P6983 [NEERC 2015] King’s Inspection

King Karl is a responsible and diligent ruler. Each year he travels across his country to make certain that all cities are doing well. There are $n$ cities in his country and $m$ roads. In order to control the travelers, each road is unidirectional, that is a road from city a to city $b$ can not be passed from $b$ to a .  Karl wants to travel along the roads in such a way that he starts in the capital, visits every non-capital city exactly once, and finishes in the capital again. As a transport minister, you are obliged to find such a route, or to determine that such a route doesn't exist.

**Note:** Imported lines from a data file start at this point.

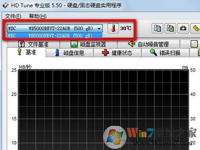 1、HDTune使用方法很簡(jiǎn)單,打開HDTune硬盤檢測(cè)工具后我們可以選擇硬盤,在主界面就可以看到硬盤的溫度,如圖: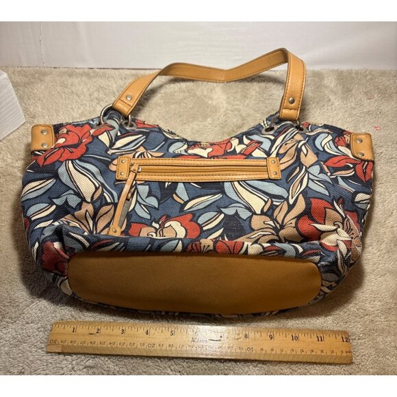 Relic Floral Canvas & Faux Leather Tote Shoulder Bag PursePolka Dot Lining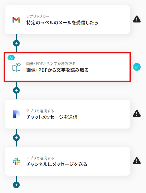※以下の画面は、Yoomページ画面左側「マイプロジェクト」のフローボットで表示される、「【コピー】Gmailでファイルが送信されたらOCRで読み取り、Difyで要約しSlackに通知する」をクリックすると表示されます。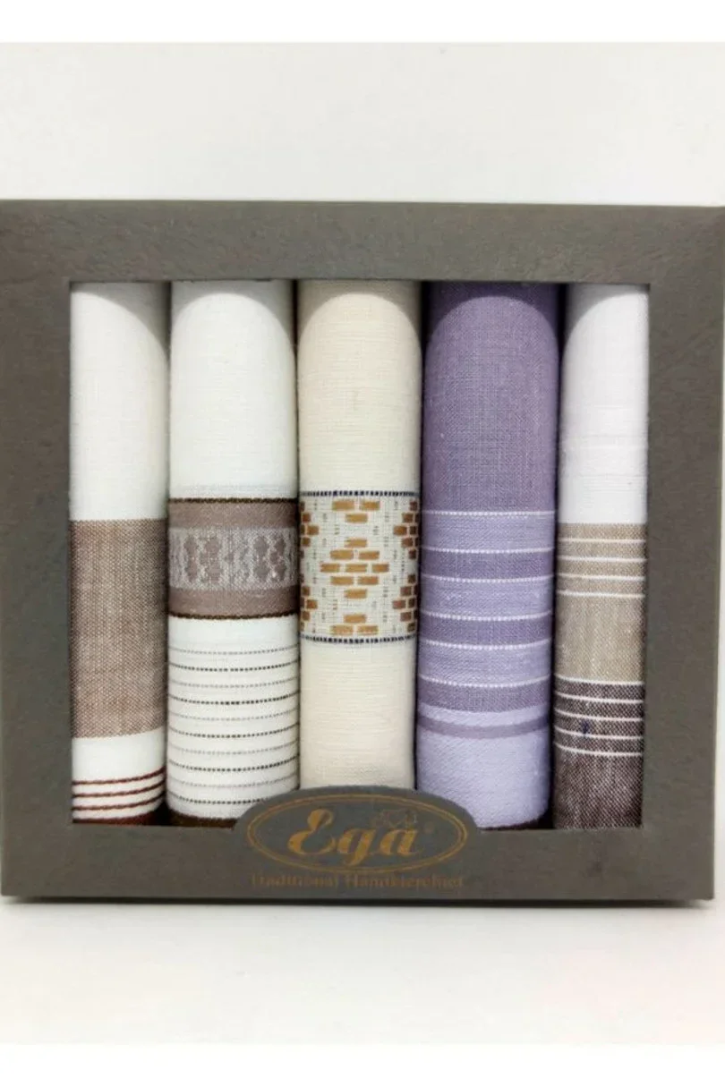 Kapesník z hladké, jemně tkané bavlny, lemovaný úzkým plochým švem, je nepostradatelnou součástí výbavy každého gentlemana. Je znakem elegance a atributem hygieny. Vybírat můžeme z široké škály vzorů a barev. Krásně zabalené budou vhodnou nabídkou na dárek. Sada se skládá z 5 kapesníků. Složení: 100% bavlna, rozměry: 40 cm x 40 cm.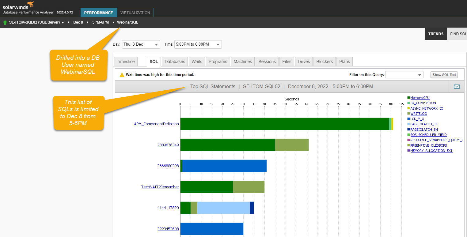 However, the DPA repository can be mined to obtain this information for the last 30 days (default data retention). Connect to the DPA repository with Management Studio, open a query and copy/paste the attached script. Modify the 4 parameters at the top of the script as needed.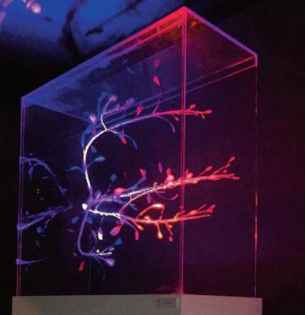 J'ai commencé ma carrière en choisissant des matériaux minuscules et triviaux, simplement figurés par de minuscules fils ou des fils invisibles, suspendus dans un cadre transparent, se déplaçant lentement et en apesanteur selon leurs formes et mécanismes essentiels Afin de renforcer l'engagement visuel des spectateurs en mettant en scène le mouvement des particules, j'utilise des néons de couleur par - dessus.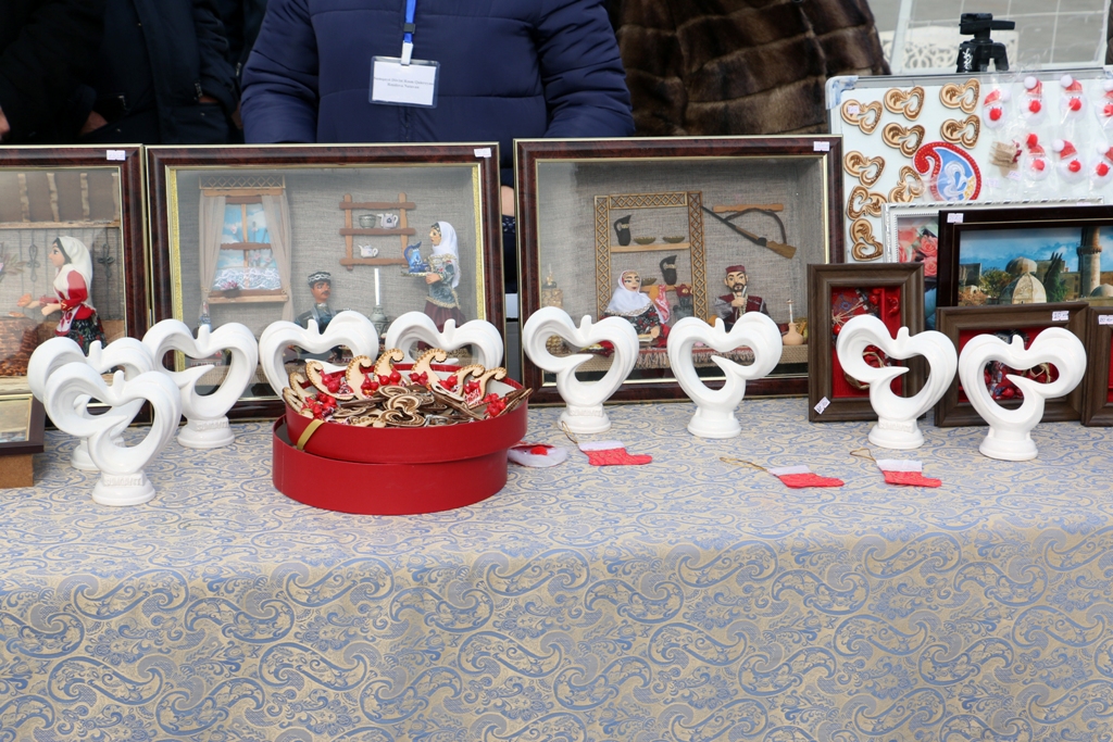 Tədbirdə rəssamlar və dekorativ tətbiqi sənət ustaları Ellada Həsənova, Günel Hüseynova, Cəmilə Hacınski, Nəsibə Şükürova, Zümrüd Məmmədova, Xuraman Səfərovanın əl işlərindən ibarət satış sərgisi və “Göyərçin abidəsi uşaqların gözü ilə” adlı rəsm müsabiqəsində iştirak edən şagirdlərin rəsmlərindən ibarət sərgi nümayiş olunub.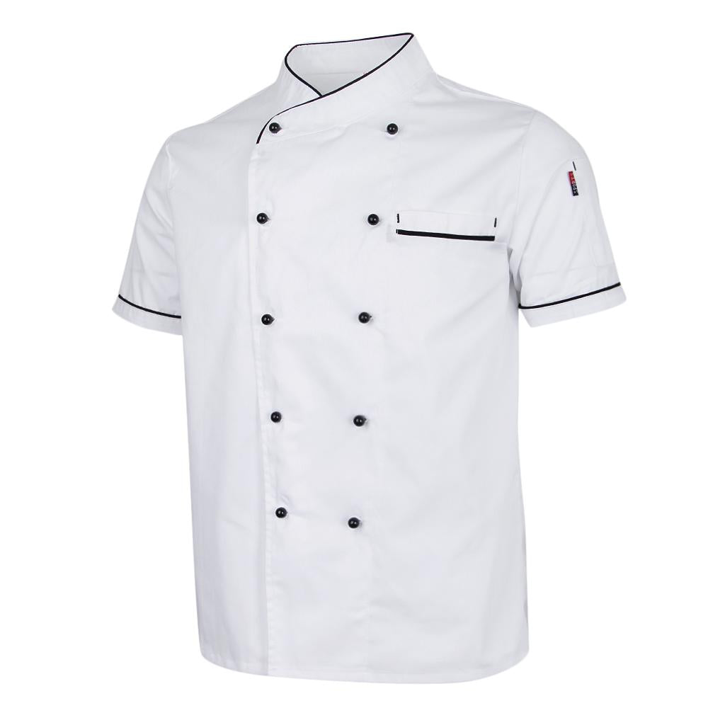 Chef Jacket Uniform Short Sleeve Hotel Kitchen Chefwear Cook Coat L White

The first line contains two integers $n$ and $m (2 \le n \le 100 000 , 0 \le m \le n + 20)$ -- the number of cities and the number of roads in the country. Each of the next $m$ lines contains two integers $a_{i}$ and $b_{i} (1 \le a_{i}, b_{i} \le n)$ , meaning that there is a one-way road from city $a_{i}$ to city $b_{i}.$ Cities are numbered from $1$ to $n$ . The capital is numbered as $1$ .

If there is a route that passes through each non-capital city exactly once, starting and finishing in the capital, then output $n + 1$ space-separated integers -- a list of cities along the route. Do output the capital city both in the beginning and in the end of the route. If there is no desired route, output `There is no route, Karl!` (without quotation marks).

Time limit: 10 s, Memory limit: 512 MB.